Lamont did not even soften his Voice for the quiet room. “NO—IT’S NOT ENOUGH OF ENOUGH! THIS DECENT MAN HERE USED TO BE THE BIGGEST BOOTLICKER—SORRY—BOOTLEGGER ON THE EAST COAST!” Then he spoke very polite to P.K. himself, “Why
did
all the whores at the Blue Moon call you Screwdriver? Or maybe I should ask Ethel. Well Ethel?” He tottered sideways & sloshed his drink.

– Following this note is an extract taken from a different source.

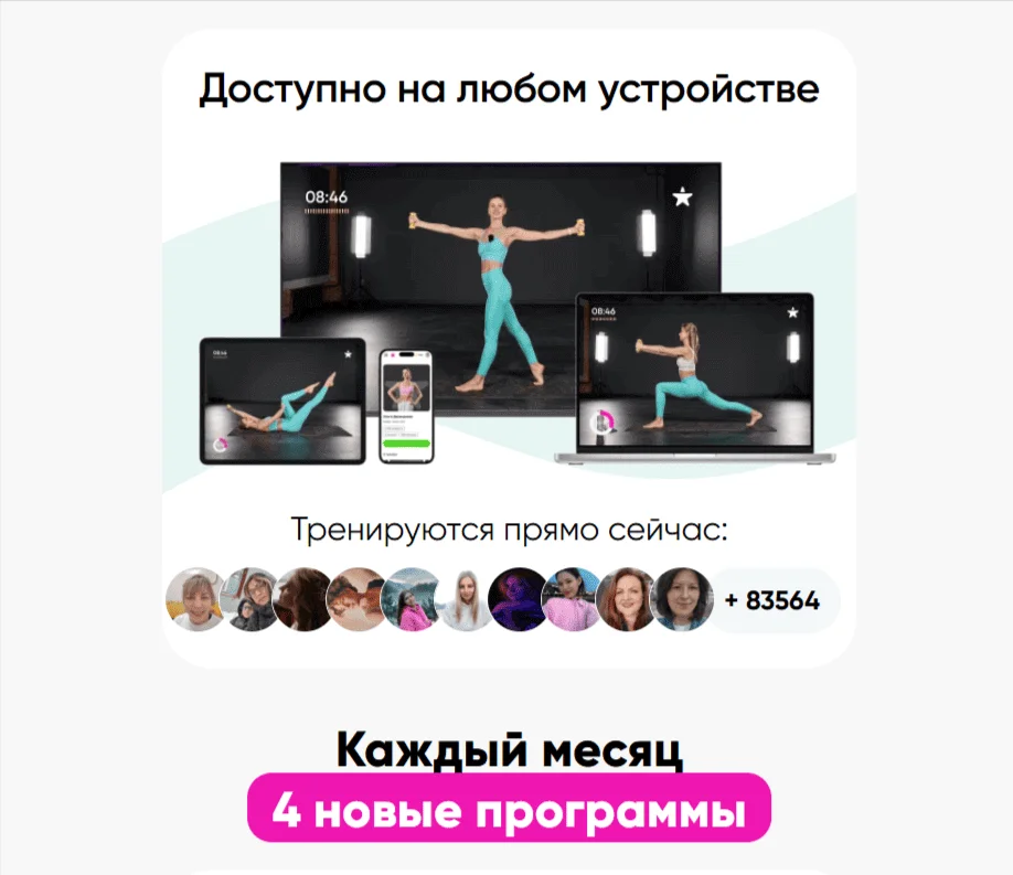 Почему стоит взять: подписка помогает выстраивать фитнес-привычки с разнообразными тренировками для дома без специального оборудования. Курсы по питанию и медитации поддерживают комплексный подход к здоровью. При покупке годового доступа можно получать денежные сертификаты за пройденные тренировки.
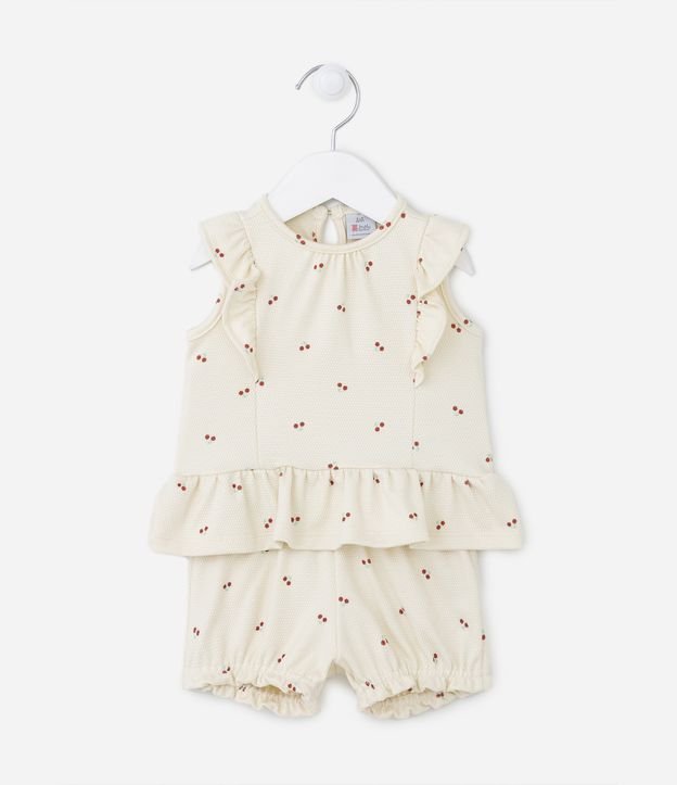 Conjunto Infantil Texturizado com Estampa de Cerejinhas - Tam 0 a 18 Meses

“Make him stop Poppy,” was Ethel’s sob.

By this heartfelt plea she spurred her Hubby into action & Spiller made a grab for Lamont’s sleeve—Lamont jerked back out of his Reach then he held on to the brass window latch whereby he straightened himself up. Howard tugged Spiller away from the Excitement but he kept on barking at Lamont until his chubby face went dark red & his neck inflated he was squealing at him, “Tell everybody about
you
Lamont! Where’d he find you in ’29? You square peg! You ingrate!”

“In the stinking gutter. Oh sure! I’m not ashamed of it either. Taught me a permanent lesson that fateful day. When I lost my security—some security!—in the Crash. Found out everything I needed to know about…”—he sneered this at the whole crowd—“…human nature.”

“Who got you back on your feet? Tell them,” ordered P.K. “Go on you miserable misfit! Who gave you a job?”

“Driving a truck! You took advantage of my circumstances. Don’tcha know! I’m college educated you crumb! By Jesuits! And folks he
lets
me drive his beer wagons back & forth across the Canadian border for $35.50 a week.”

“And a Christmas bonus,” Spiller snarled very insulted.

“Oh yes. Pardon me, right. I don’t know how I would’ve made it to New Year’s without those 12 extra bucks in my wallet. I learned a lot from you P.K.”

“You never learned a blessed thing from me Lamont.”

“Not as much as I did from Karl Marx.” Every mouth in the room hushed up quiet as a clam & not so happy. “From V.I. Lenin…Uncle Joe Stalin…and Kropotkin!” Lamont bellowed this name across the dining room & shocked the Executive wives practically to Tears. “Matushka Russia! V’period! How do you like
them
red apples Howard?”

“You’re sick in the head,” Silverstein diagnosed him, “and I pity you. I just pity you to death.”